__Provided information__.
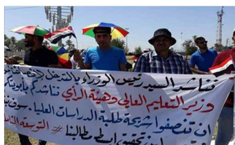
تقرير اعته بسمة لطيف

تواصل وتتصاعد احتجاجات طلبة الدراسات العليا على النفقة الخاصة في الخارج يوما بعد يوم. ففهمو وشجون الاطفال الذين اخفوا الدراسة واخرين انهم لم يحضرو الانتهاء من اجراءات الحصول على الشهادة من الجامعات التي اقرت لها الوزارة وبرصانتها العلمية. يعانون الاربين بعد ان جدوا واجتهادوا وتحملوا الاوقات والظروف الصعبة العالية والمعنوية لاجل انهم يتفاهموا. الا انهم وجدوا الوزارة تضع امامهم شروطا في اصلا غير واردة بتعليماتها السابقة حول معادلة واحتساب الشهادات التي حصلوا عليها. هؤلاء الطلبة الدارسين خارج العراق وعلى نفقتهم الخاصة. اصبحوا الآن بين مطرقة الوزارة وحاجتهم للحصول على شرة جدهم العلمي واحتساب الشهادة لهم. فالقرارات والجراءات المحقة التي صدرت من الوزارة غير متوافقة مع نظام الدراسة التي تمت خلال فترة الانتشار وباء كورونا. لذا يطالب المحتجون بالغاء تلك الجراءات وتطبيق بنود التعليمات التي صدرت من وزارة التعليم العالي بخصوص اكمال الدراسة والمعادلة لشهادات بعد التخرج والايخص من اكمال الدراسة بشكل (اون لاين ) اثر تفشي وباء كورونا.
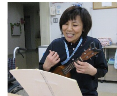
職員によるメドレー

年末の楽しみクリスマス。豪華な食事にクリスマスプレゼントのお楽しみ会を開催した。それぞれのユニットで特色のあるゲームや催し物を行い、賑やかな笑い声が施設内に響き渡った。料理に舌つづみする方やゲームに熱中する方、それぞれ楽しみ方でクリスマスを過ごされていた。 「星が降っているようだ」とつぶやく声に、皆で外の雪をしみじみと眺めていた。
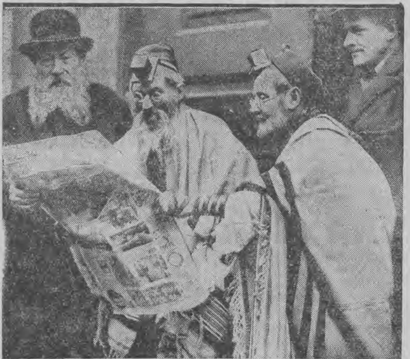
z wielkim zaniepokojeniem studują w domu modlitwy właścicieli o barbyństwach hitlerowskich.

__Directions for this task__.
Apart from the pictures, every line of the material above is to be returned word for word.

__The answer__.
تقرير اعته بسمة لطيف

تواصل وتتصاعد احتجاجات طلبة الدراسات العليا على النفقة الخاصة في الخارج يوما بعد يوم. ففهمو وشجون الاطفال الذين اخفوا الدراسة واخرين انهم لم يحضرو الانتهاء من اجراءات الحصول على الشهادة من الجامعات التي اقرت لها الوزارة وبرصانتها العلمية. يعانون الاربين بعد ان جدوا واجتهادوا وتحملوا الاوقات والظروف الصعبة العالية والمعنوية لاجل انهم يتفاهموا. الا انهم وجدوا الوزارة تضع امامهم شروطا في اصلا غير واردة بتعليماتها السابقة حول معادلة واحتساب الشهادات التي حصلوا عليها. هؤلاء الطلبة الدارسين خارج العراق وعلى نفقتهم الخاصة. اصبحوا الآن بين مطرقة الوزارة وحاجتهم للحصول على شرة جدهم العلمي واحتساب الشهادة لهم. فالقرارات والجراءات المحقة التي صدرت من الوزارة غير متوافقة مع نظام الدراسة التي تمت خلال فترة الانتشار وباء كورونا. لذا يطالب المحتجون بالغاء تلك الجراءات وتطبيق بنود التعليمات التي صدرت من وزارة التعليم العالي بخصوص اكمال الدراسة والمعادلة لشهادات بعد التخرج والايخص من اكمال الدراسة بشكل (اون لاين ) اثر تفشي وباء كورونا.
職員によるメドレー

年末の楽しみクリスマス。豪華な食事にクリスマスプレゼントのお楽しみ会を開催した。それぞれのユニットで特色のあるゲームや催し物を行い、賑やかな笑い声が施設内に響き渡った。料理に舌つづみする方やゲームに熱中する方、それぞれ楽しみ方でクリスマスを過ごされていた。 「星が降っているようだ」とつぶやく声に、皆で外の雪をしみじみと眺めていた。
z wielkim zaniepokojeniem studują w domu modlitwy właścicieli o barbyństwach hitlerowskich.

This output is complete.